If you were looking to make re-writes to all of the chapters thus far, then I would suggest posting all of the new chapters under a new series title...something like: 'The Royal Garden: alternate beginning.'
 
For heroine's buy-in, as she's probably a female "victim", we can throw out "evil" motivations. That leaves basic, noble, and fear.

Basic: survival / failure / peer pressure / curiosity / guilt / desire / instability

Noble: love / loyalty / honor / obedience / vengeance / inequality / unfulfillment

Fear: Death / humiliation / pain / rejection / loss / regret / shame

If you want her to go undercover as a slave, normally just obedience / loyalty wouldn't do it.

You may as well do the cliche: she was accused of a horrible crime she did not commit and instead of execution she was offered this little... opportunity as a chance for redemption. Her absence will be explained as exile. Her motivation will be vengeance (toward people that wronged her, not necessarily her home empire) and shame / loss / humiliation.

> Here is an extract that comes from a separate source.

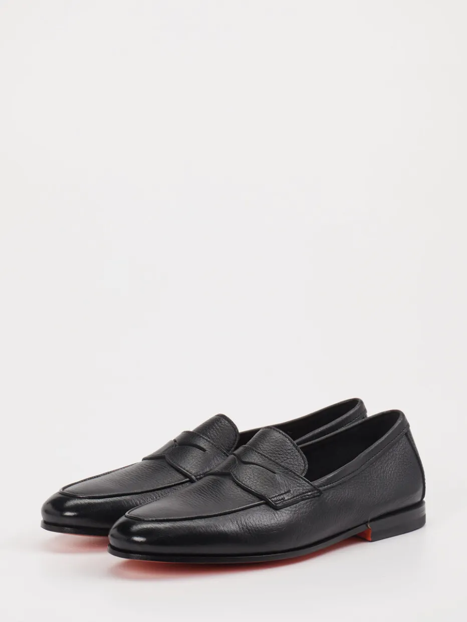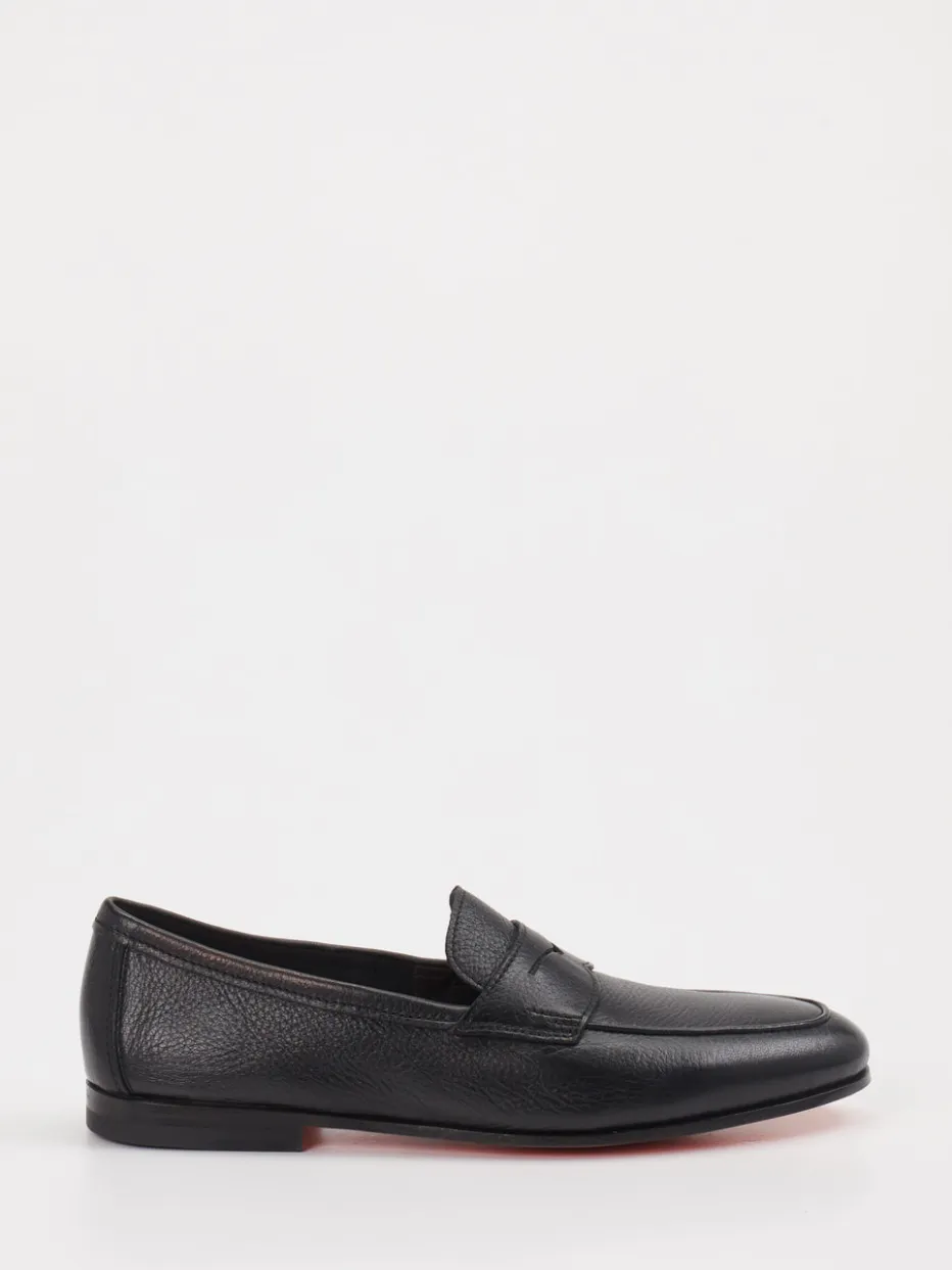 Charakterstarker Klassiker mit italienischem Twist. Santoni präsentiert einen Herren-Penny-Loafer aus hochwertigem Kalbleder. Ideal für anspruchsvolle Office-Looks oder elegante Freizeitoutfits – dieser schwarze Slipper überzeugt mit genarbter Lederoberfläche, schlanker Silhouette und einem flachen, durchgehenden Absatz. Das Innenfutter aus Leder sorgt für angenehmen Tragekomfort, während die orangefarbene Ledersohle mit Signature-Charakter ein dezentes Statement setzt. Minimalistische Details wie die Zunge mit Penny-Slot und Ton-in-Ton-Nähte runden das puristische Design stilvoll ab. Als echtes Quiet-Luxury-Piece harmoniert er besonders gut zu dunklen Anzügen oder schmal geschnittenen Chinos. Ein italienischer Klassiker, handwerklich präzise umgesetzt mit eleganter Substanz.

You can throw in a twist later that the king (or whoever recruited her) learned that she was actually picked, THEN framed by someone else, but now the recruiter need her to stay for it will jeopardize the kingdom if she was "liberated" immediately, i.e. appeal to loyalty and honor
 
Post here when you edit, or send me a PM and I'll be happy to go on your beta reader list. I'm interested to see how you alter things.
 
Or you could crash a giant meteorite into the setting, write THE END, and move on to the series you WANT to write. Don't look back. :cool:

Boooo! Meteorite totally underdeveloped as a character, did not buy motivation to splat the entire world. OTOH, all plot threads were resolved. 1/10 would not recommend.
 
Boooo! Meteorite totally underdeveloped as a character, did not buy motivation to splat the entire world. OTOH, all plot threads were resolved. 1/10 would not recommend.
Meteorite has severe self-image issues, decides genocide-suicide is the only solution. Blame it on abusive upbringing, poor toilet training, etc.
 
Only one of the comments on your most recent chapter mentions disliking the heroine, and the story has a comparable score to the previous installments. Maybe this is too early to start second-guessing yourself? You can't throw the baby out with the bathwater every time you rub a reader the wrong way.
 
Meteorite has severe self-image issues, decides genocide-suicide is the only solution. Blame it on abusive upbringing, poor toilet training, etc.

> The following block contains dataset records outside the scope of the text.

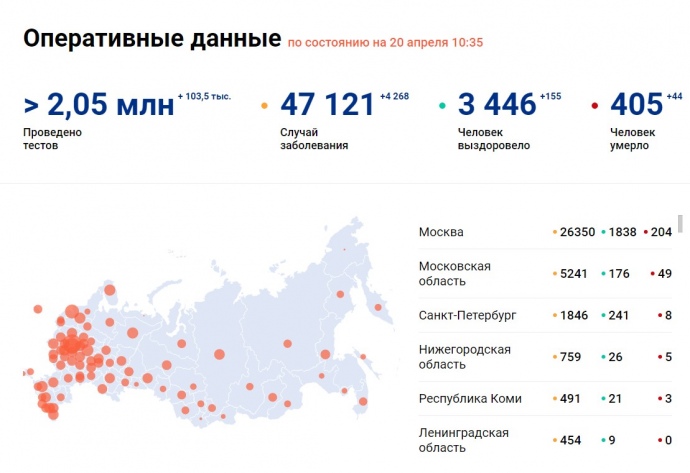 За час пандемії в РФ від коронавірусу померло 405 осіб (44 за минулу добу), одужало – 3446 (155 за добу).
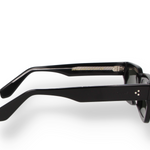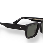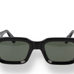 These rectangular sunglasses feature a bold black Mazzucchelli acetate frame with matching temples and classic green lenses. The clean, architectural silhouette gives a sharp yet timeless character, enhanced by the depth of the dark hue. Handcrafted in Italy, they offer a refined statement piece that merges modern minimalism with enduring style.
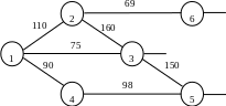 На транспортной сети по соответствующему варианту выделяются узлы, в которых размещены производственные мощности и потребители запасных частей. Далее непосредственно по сети рассчитываются кратчайшие расстояния между каждым пунктом производства и потребления.
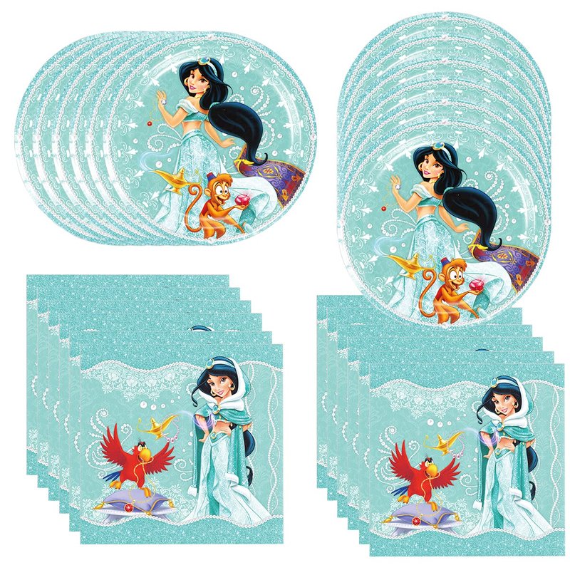 DoMiDoLa 40Pcs Princess Jasmine Party Supplies include 20 plates, 20 napkins Tablecloth for the Princess Jasmine Birthday party Decoration

This reminds me of Peter David's story that includes a projectile headed for the Earth. He wrote a comic script that used the phrase "the face of the asteroid". The artist, a non-native speaker of English, drew an actual face on the object, this angry grimacing skull. David ended up wanting to leave it in, because if an asteroid is about to hit the planet, that's awful, but when it has a giant angry face, "you know you're fucked!"
 
"Crafting plausible buy-in for a heroine in a horrible situation"

Kinda reminds me of this.
Yeah, Simon Legree is always handy to have around.

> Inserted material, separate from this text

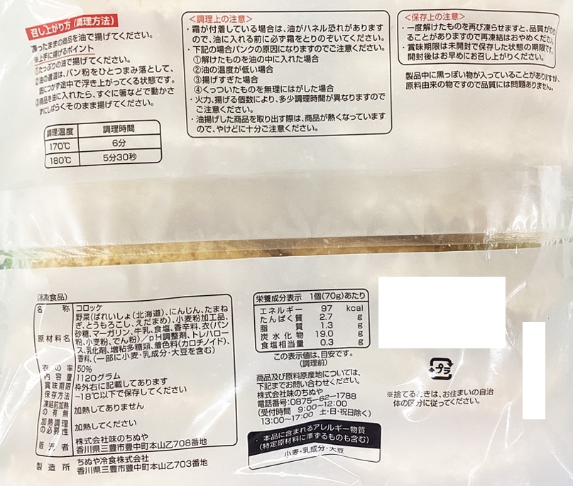 - [冷凍]味のちぬや さくっと!旨じゃがコロッケ(野菜) 1120g(16個入)×4袋
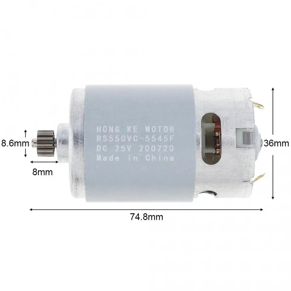 Электродвигатель постоянного тока RS550 25 в 19500 обмин с двумя скоростями 12 зубьев и коробкой передач с высоким крутящим моментом для электрической дрелиотвертки, аксессуары для инструментов

But the "horrible situation" thang boils down to: what shit happens, and why? There are the religious-philosophical explanations. There are the unavoidables: shit just happens, whether or not someone is out to get you. There's evil: someone IS out to get your ass! There's karma: shit happens because you deserve it, including retribution.

Storywise, decide on your desired consequences, then build the horrible situation so your players reach that ending.